Identity display [was: openId - sorua]

Martin Atkins mart at degeneration.co.uk
Wed Jul 13 02:18:33 PDT 2005


Zefiro wrote:
> About displaying of identities:
> 
> 
>>> Another question: The example on http://www.openid.net/ says 'Hello,
>>>Brad! You're now logged in to someblog.com as Brad from LiveJournal'.
>>>How does the consumer know that i'm 'Brad' or that i come from
>>>'LiveJournal', i.e. how can it determine these strings from my Identity?
> 
> I would like it best if I could explicitely state how I want to be
> displayed. That's like having one login name and passwort used for login
> (which will both be replaced by OpenID, URI and Server-confirmation,
> respectively) and one name which is displayed. Some sites use this, most
> don't - for the simple reason that there's no need, users are unique
> inside this site and the names usually look quite neat.
> 

....

> I'd propose that consumers use the OpenID-URI as a login name, but let the
> users choose a different name for display. It should be in a way that
> everyone can easily see the OpenID-URI (e.g. it's displayed underneath or
> is the linktarget for the displayed user, or on the user profile page) but
> still the primary seen name is displayed in a much nicer (shorter,
> mnemonic) way.

Consumers are free to do this already. Mark's lifewiki software, for
example, lets all users configure a display name which is then used
alongside the identity URL. It's up to each consumer to implement this
separately.

> I think it might be best to include a metatag 'wanted display name'
> (openid.display, as string, allowed characters and length have to be
> defined) in the html-page the OpenID-URI points to and use this as a
> suggestion for consumers. Stateful (i.e. maintaining an own userdatabase)
> consumers might also let the user choose a different display name for
> their sites and impose restrictions like 'no two identical display names
> (for this consumer)'.

OpenID is purely an authentication system. Profile exchange and related
matters are explicitly and deliberately left to another layer (yet to be
designed) atop OpenID. The simplest approach, and one we've already
discussed a little, is to simply look at the document at the identity
URL (where we already discovered the openid.server) to find any
profile-related documents, such as a FOAF document or vCard. That is
likely to be the first approach taken, though there was also talk of
leveraging parts of LID (which is yet another identity/auth system) to
do authenticated profile exchange.

> I think of communities as example for stateful consumers and guestbooks
> for stateless. (and in my eyes the main advantage of OpenID is that you
> don't have to invent douzens of passwords - remembering is most often done
> by the browser, login by cookies, and choosing individual names, config
> settings and avatar pictures would also needed to be kept, essentially
> creating individual accounts everywhere)

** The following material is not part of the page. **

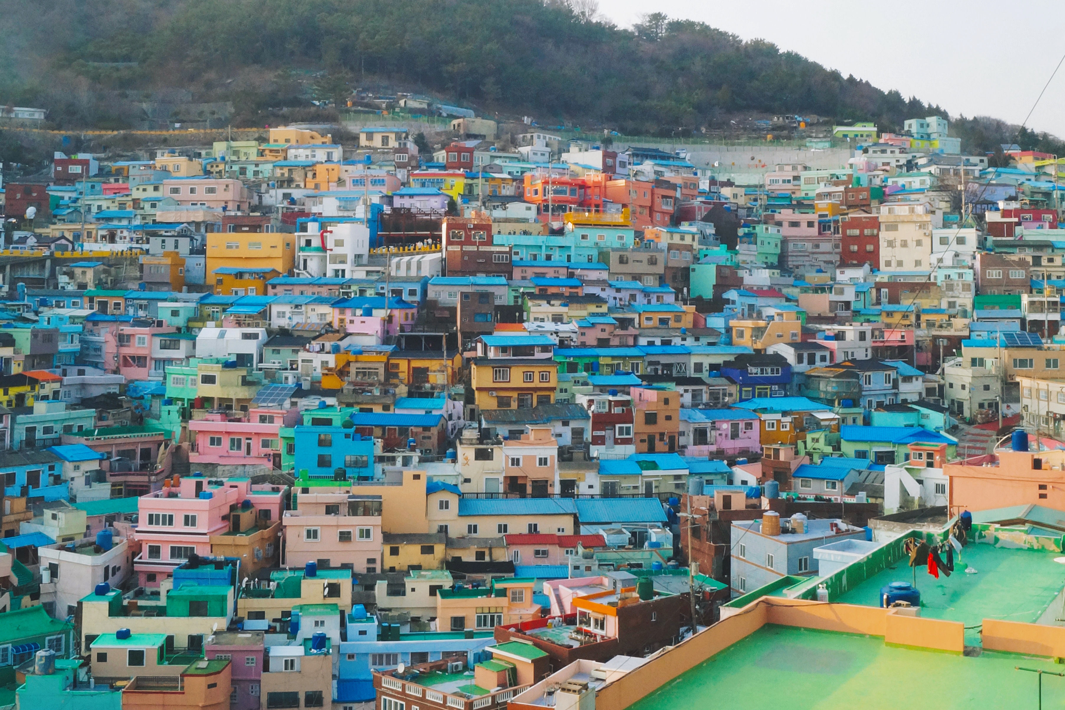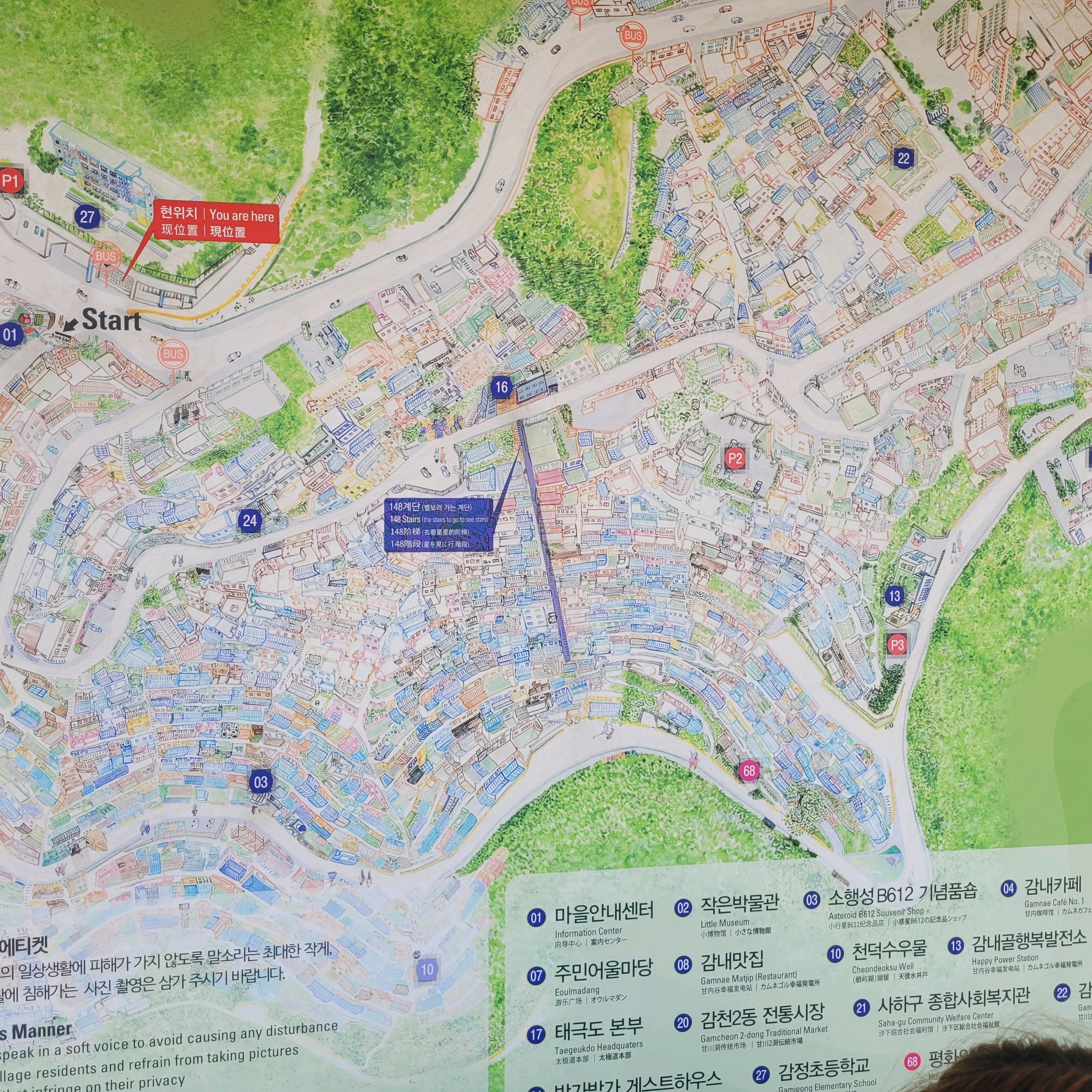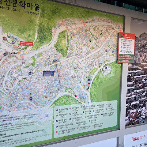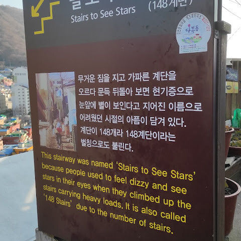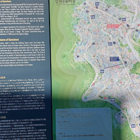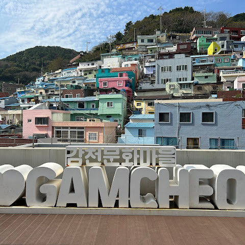 부산의 옛 슬럼가였던 이곳은 도시의 다른 지역과 대조되는 화려한 곳입니다. 놀랍고 독창적인 풍경 덕분에 관광객이 많이 찾는 곳이지만, 동시에 실제로 사람들이 살고 있는 곳이기도 합니다. 마을 입구에 있는 관광안내소에서 추천하는 세 가지 코스 외에도, 작은 골목길을 따라 걷다 보면 숨겨진 비밀 장소들을 발견할 수 있습니다. 경사가 매우 가파르기 때문에 유모차 등으로 갈 수 있는 추천 코스를 따라가지 않는 한 계단이 많습니다.

In my eyes, a major advantage of OpenID and similar systems is that we
can see that the frank.livejournal.com posting on (for example) slashdot
is the same person as frank.livejournal.com posting on wikipedia. The
single sign-on thing is also nice, but I'd say it's hardly the most
important part.

>>However, if there are certain sites which you deal with routinely
>>there's not really any reason why you couldn't handle URL forms you
>>recognise in a special way. When the Wikipedia folks were here we were
>>disussing using OpenID for their inter-site auth and having their
>>interface pick up on their own URLs and display them in a special way.
> 
> This goes exactly in the same direction, and if the OpenID-specs don't
> direct consumers to behave similar to what I've outlined (they shouldn'nt
> require it, but strongly recommend) then many large sites will implement
> exactly this. Which will, ultimately, look quite the same but then be
> limited to the few big openid-servers which the (consumer) site owner
> knows about. And frankly, I don't like this idea, because it would be a
> step backwards from the idea "everyone can use whatever OpenID-server and
> OpenID-URI he wants".

The site has to indicate in *some* way what site the user came from. How
that happens is up to the site. Even if I did say my display name was
"Martin Atkins", the site would still have to display my OpenID identity
URL so that users can differentiate me from other people called Martin
Atkins.

When it comes down to it, identity display is a decision for consumers.
LiveJournal already displays it differently to LifeWiki, for example.
LiveJournal displays the identity URL and links to a page where you can
find out more about the user, assuming that the user has actually
entered some profile information on LiveJournal. LifeWiki instead shows
the display name and links to a page where you can find the identity.